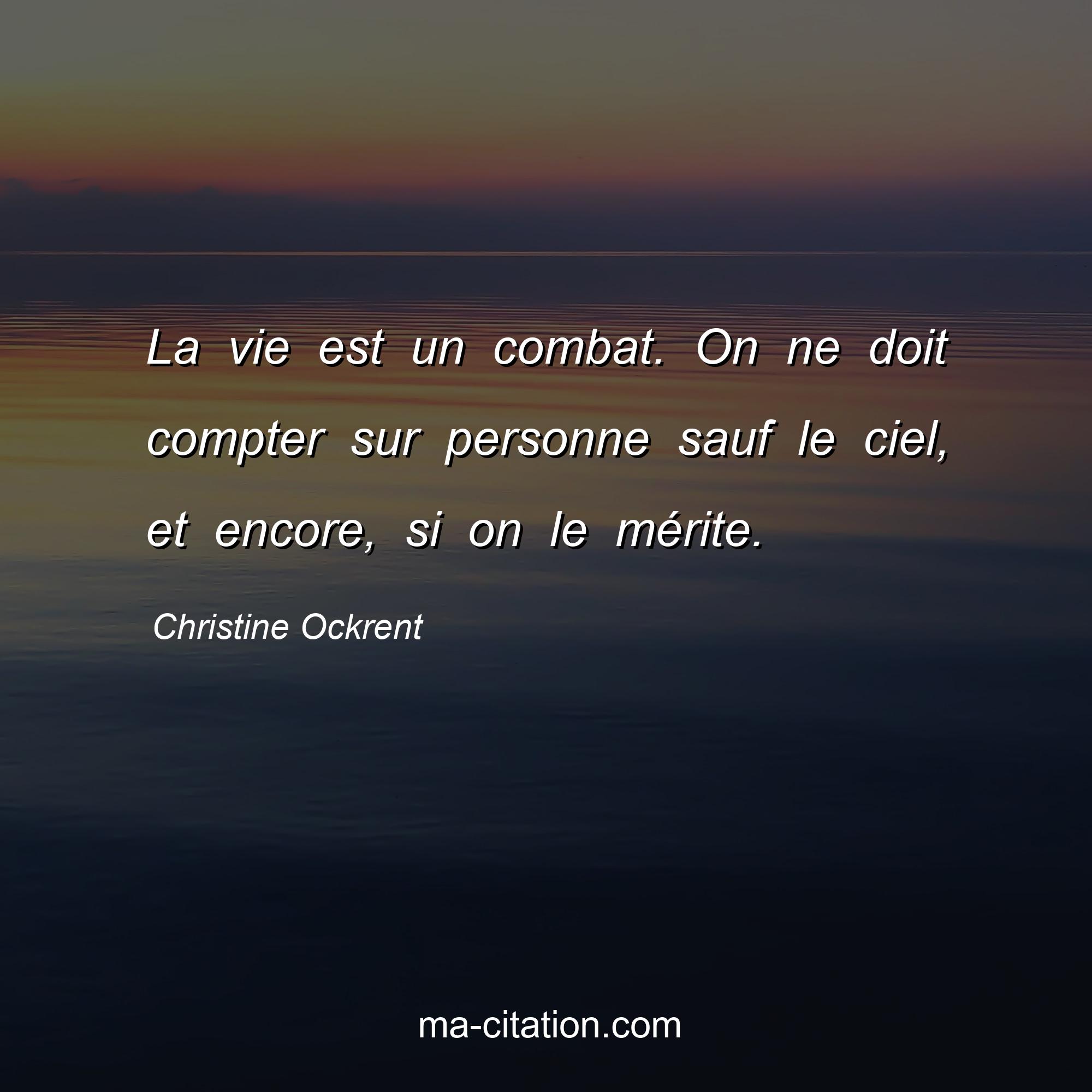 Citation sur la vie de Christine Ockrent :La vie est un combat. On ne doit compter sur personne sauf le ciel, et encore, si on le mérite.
:::::
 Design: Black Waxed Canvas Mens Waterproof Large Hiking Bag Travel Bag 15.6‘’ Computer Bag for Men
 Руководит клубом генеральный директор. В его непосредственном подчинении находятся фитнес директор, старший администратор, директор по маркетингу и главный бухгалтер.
:::::
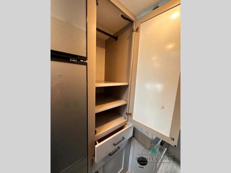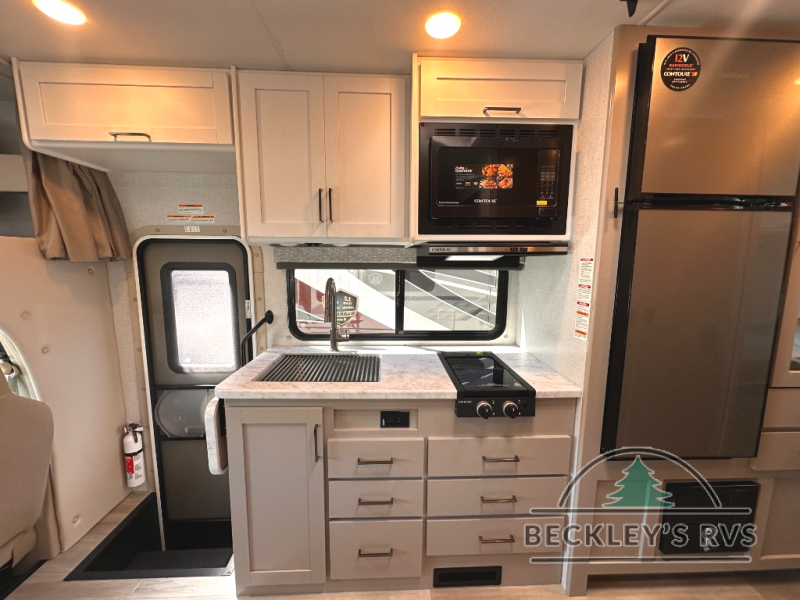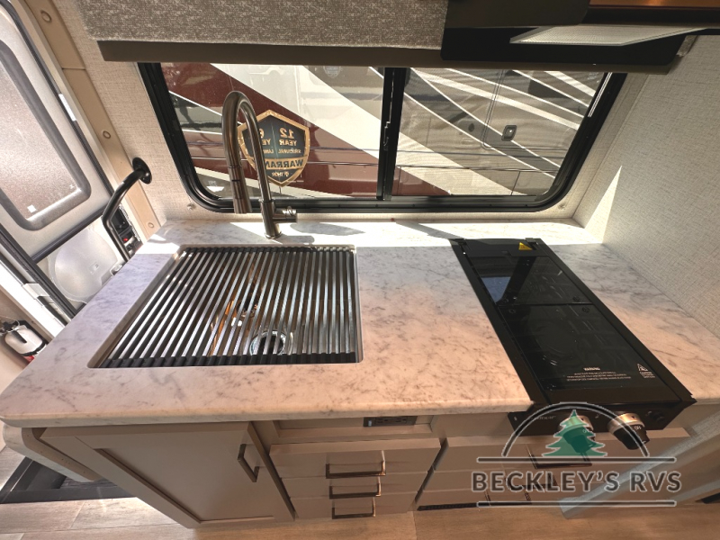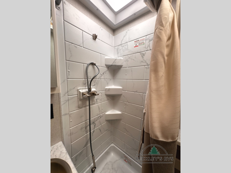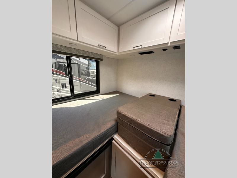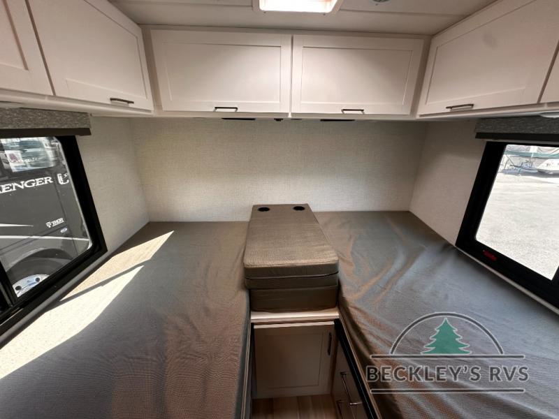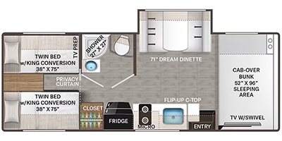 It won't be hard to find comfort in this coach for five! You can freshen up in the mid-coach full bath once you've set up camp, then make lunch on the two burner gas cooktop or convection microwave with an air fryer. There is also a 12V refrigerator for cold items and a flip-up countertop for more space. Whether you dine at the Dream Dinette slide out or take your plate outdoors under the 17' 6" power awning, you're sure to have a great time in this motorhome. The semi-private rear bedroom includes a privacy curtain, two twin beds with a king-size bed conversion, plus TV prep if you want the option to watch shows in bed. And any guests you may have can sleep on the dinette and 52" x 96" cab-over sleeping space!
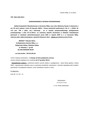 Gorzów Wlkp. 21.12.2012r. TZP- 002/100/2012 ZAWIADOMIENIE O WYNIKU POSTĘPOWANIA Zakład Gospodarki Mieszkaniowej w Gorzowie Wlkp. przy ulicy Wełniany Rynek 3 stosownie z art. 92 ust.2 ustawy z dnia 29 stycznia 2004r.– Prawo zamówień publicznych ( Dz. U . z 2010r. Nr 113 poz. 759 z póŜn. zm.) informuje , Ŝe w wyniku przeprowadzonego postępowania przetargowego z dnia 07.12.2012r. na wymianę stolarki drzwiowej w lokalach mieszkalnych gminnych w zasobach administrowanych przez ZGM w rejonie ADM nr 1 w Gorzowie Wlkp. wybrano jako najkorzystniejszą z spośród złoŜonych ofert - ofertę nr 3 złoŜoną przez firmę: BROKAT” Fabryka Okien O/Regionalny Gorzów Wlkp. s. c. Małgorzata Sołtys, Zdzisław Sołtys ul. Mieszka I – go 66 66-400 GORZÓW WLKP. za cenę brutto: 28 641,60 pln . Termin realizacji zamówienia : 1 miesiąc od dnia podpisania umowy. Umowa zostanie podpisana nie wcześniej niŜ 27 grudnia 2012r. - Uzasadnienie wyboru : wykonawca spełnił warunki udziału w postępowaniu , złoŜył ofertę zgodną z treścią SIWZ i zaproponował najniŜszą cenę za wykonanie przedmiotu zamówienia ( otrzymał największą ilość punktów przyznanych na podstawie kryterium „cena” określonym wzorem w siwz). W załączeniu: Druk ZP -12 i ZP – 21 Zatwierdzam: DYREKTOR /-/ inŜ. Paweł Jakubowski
:::::
Task details. Transcribe each line of the data above, unaltered, from the one where "Design: Black Waxed" appears to the one where "Руководит клубом генеральный" appears, inclusive of both.

The completed task.
 Design: Black Waxed Canvas Mens Waterproof Large Hiking Bag Travel Bag 15.6‘’ Computer Bag for Men
 Руководит клубом генеральный директор. В его непосредственном подчинении находятся фитнес директор, старший администратор, директор по маркетингу и главный бухгалтер.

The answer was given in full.